Я выпрямляю спину и потягиваюсь.
– И ему это удалось. – Потом взвешиваю мешок с конфетами: он куда тяжелее, чем я рискнула бы предположить в начале вечера. – Думаю, пора завязывать.
Митч поднимает палец и корчит умоляющую гримасу.
– Еще один дом, – просит он. – Ну пожалуйста!
В лунном свете он выглядит непривычно. Почти загадочно. И даже привлекательно. Я тихо смеюсь.
– Ладно, но только один, – говорю я. – Выбирай с умом.
Он выбирает огромный белый дом с длинной подъездной дорожкой, который стоит в тупике. Затем звонит в дверь, и через несколько минут нам открывает замученная женщина в спортивном костюме и ведьминской шляпе.
– Ах ты черт! – восклицает она так быстро, что Митч даже не успевает произнести свое коронное «Сладость или гадость». – Прямо перед вами все закончилось!

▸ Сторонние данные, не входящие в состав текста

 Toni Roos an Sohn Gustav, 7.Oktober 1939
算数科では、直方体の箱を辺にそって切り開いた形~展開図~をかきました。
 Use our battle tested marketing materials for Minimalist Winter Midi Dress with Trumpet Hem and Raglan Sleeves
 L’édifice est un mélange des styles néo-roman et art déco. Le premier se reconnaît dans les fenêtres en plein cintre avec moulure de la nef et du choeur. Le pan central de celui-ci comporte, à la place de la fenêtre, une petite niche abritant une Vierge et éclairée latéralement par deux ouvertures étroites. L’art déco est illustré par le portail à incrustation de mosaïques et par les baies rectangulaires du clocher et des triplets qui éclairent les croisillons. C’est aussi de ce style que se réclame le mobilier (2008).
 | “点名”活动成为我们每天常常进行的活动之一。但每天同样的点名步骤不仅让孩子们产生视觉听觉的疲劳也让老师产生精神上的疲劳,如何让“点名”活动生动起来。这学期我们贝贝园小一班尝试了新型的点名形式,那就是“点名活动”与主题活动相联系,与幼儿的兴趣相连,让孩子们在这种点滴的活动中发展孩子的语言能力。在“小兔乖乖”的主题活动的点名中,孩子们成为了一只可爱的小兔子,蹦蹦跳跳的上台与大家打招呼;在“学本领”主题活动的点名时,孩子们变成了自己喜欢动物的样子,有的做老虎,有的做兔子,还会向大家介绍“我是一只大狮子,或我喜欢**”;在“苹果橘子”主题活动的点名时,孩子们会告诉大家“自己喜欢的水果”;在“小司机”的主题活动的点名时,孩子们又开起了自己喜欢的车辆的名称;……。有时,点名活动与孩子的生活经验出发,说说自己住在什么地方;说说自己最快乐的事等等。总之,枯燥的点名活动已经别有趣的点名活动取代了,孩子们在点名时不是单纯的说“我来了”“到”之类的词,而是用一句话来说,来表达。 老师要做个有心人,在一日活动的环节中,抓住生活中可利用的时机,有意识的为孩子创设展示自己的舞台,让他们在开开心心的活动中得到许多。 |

– Индиана Джонс! – позади нее подпрыгивает мальчик в пиратском костюме. Костюм у него явно самодельный, но собран очень тщательно и продуман до мелочей. – Как круто!
Митч расплывается в улыбке.
– Все в порядке, – говорю я даме. – Мы просто дурачимся. Нам самим пора домой.
Она желает нам доброй ночи.
Когда мы проходим полдорожки, из-за спины вдруг раздается детский крик:
– Эй! Э-ге-гей! Подождите!
За нами гонится юный пират, и в руках у него болтается пластиковая тыква. Он резко тормозит и протягивает нам по конфете.
– Мне понравился твой костюм, – говорит он Митчу.
– Спасибо, дружище! Твой пиратский наряд тоже классный! – Митч с ним не сюсюкается, потому что для Митча он не какой-нибудь малыш. Для Митча каждый – личность.
Парнишка бежит обратно к дому, где в дверях его ждет мама.
Мы садимся на бордюр, сложив конфеты в ногах. Сегодня ночью я в первый раз ощущаю, что осень в самом деле близко. Каждое дуновение ветерка пробирает меня до моих южных костей.
– Говорил же, Хэллоуин – это офигенно! – восклицает Митч.
Я ложусь на полоску изумрудного газона богатых людей (обычная техасская трава ломкая и коричневая), которая растет между дорогой и тротуаром.
– Было неплохо.
– Когда тот мальчик на меня посмотрел, он увидел Индиану Джонса. Не какого-то там парня, завалившего вчерашний матч. Не чувака, играющего целый день в видеоигры. Для него я был кем-то другим.
Митч ложится рядом со мной.
– А тебе не кажется, что ты как будто прячешься от себя? – Я поворачиваюсь к нему, и трава щекочет мне щеку. – Я понимаю, каково это, когда не хочется быть собой. Но притворяться кем-то другим еще тоскливее, разве нет?
– Не знаю. Мне кажется, нужно притворяться тем, кем ты хотел бы стать, до тех пор пока не поймешь, что стал им. Иногда делать вид, что ты все сможешь, – это уже половина успеха. – Он перекатывается на бок и приподнимается на локте. – Вот, например, когда я впервые с тобой заговорил, я ужасно тебя боялся. Если честно, я до сих пор тебя побаиваюсь. Но чем больше я изображаю невозмутимость, тем меньше во мне страха. – Он замолкает, а потом прибавляет: – Страха перед тобой.
Я его хорошо понимаю, потому что всю жизнь кем-нибудь притворялась. Не помню, когда именно я решила, какой девушкой хочу быть, но это случилось достаточно давно. С тех пор я сверяю с ней (кем бы она ни была) каждый свой шаг. Впрочем, играю я все хуже и уже не уверена, что мне нравится личность, которая прячется под маской. Вот бы было волшебное заклинание, которое помогло бы мне построить мост через пропасть между той, кто я есть, и той, кем хотела бы стать. Потому что этот способ – играть роль, пока роль не станет мной, – для меня не работает.